Journal Issue: Financing Schools Volume 7 Number 3 Winter 1997
Julia E. Koppich
Charter schools, vouchers, and contracts with private agencies providing educational services all reflect the belief that a substantial part of educational budgeting, decision making, and accountability should be based at the level of individual schools, rather than at the school district level. Though states are moving quickly to set up charter schools, and some states and districts are debating the merits of vouchers or experimenting with private contracts, in fact there is little information about the educational effectiveness of these innovations.

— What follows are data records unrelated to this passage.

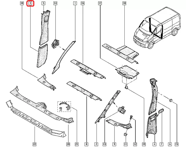 Пластиковая оббивка салона (правая стойка, низ) на Renault Trafic 2001-> — Оригинал Renault - 8200006068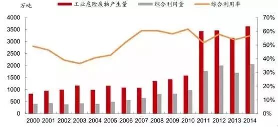 我国危废产量及综合利用情况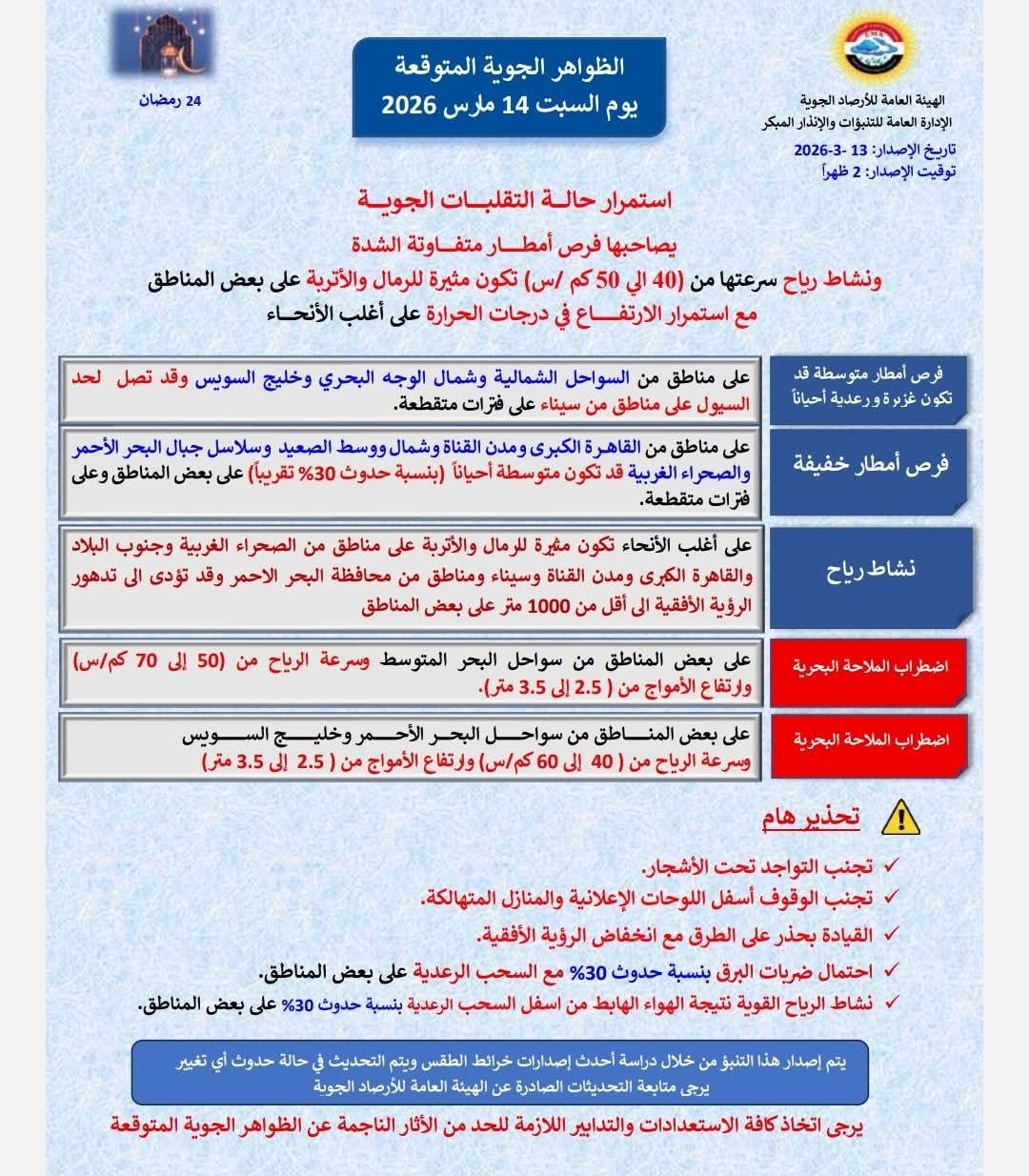 تشهد حالة الطقس اليوم السبت 24 رمضان 2026 استمرار حالة عدم الاستقرار في الأحوال الجوية، حيث تتكون سحب رعدية على عدد من المناطق يصاحبها سقوط أمطار متفاوتة الشدة، إلى جانب نشاط للرياح تتراوح سرعتها بين 40 و50 كم/س، ما قد يؤدي إلى إثارة الرمال والأتربة خاصة في المناطق المكشوفة.

Charter schools face substantial challenges in financing and business operations; many state charter school laws provide no start-up or capital funds and only limited operational funds. In addition, many charter school laws are vague on key questions of authority and school-district relations. Contracting with private agencies presents a wide range of options, many of which have been tried in only a few locations. The most publicized contracts with private agencies to run multiple schools have included some highly visible disappointments and no clear successes as yet, though experience is too limited to draw conclusions about contracting in general.
Vouchers that may be used at private schools are extremely controversial for several reasons. Because private schools can decide which students they will accept, opponents are concerned that extensive use of vouchers may dramatically change the composition of the public school student body. It is also unclear whether vouchers to religious schools (which comprise 82% of all private schools in the United States) violate the constitutional requirement for separation of church and state.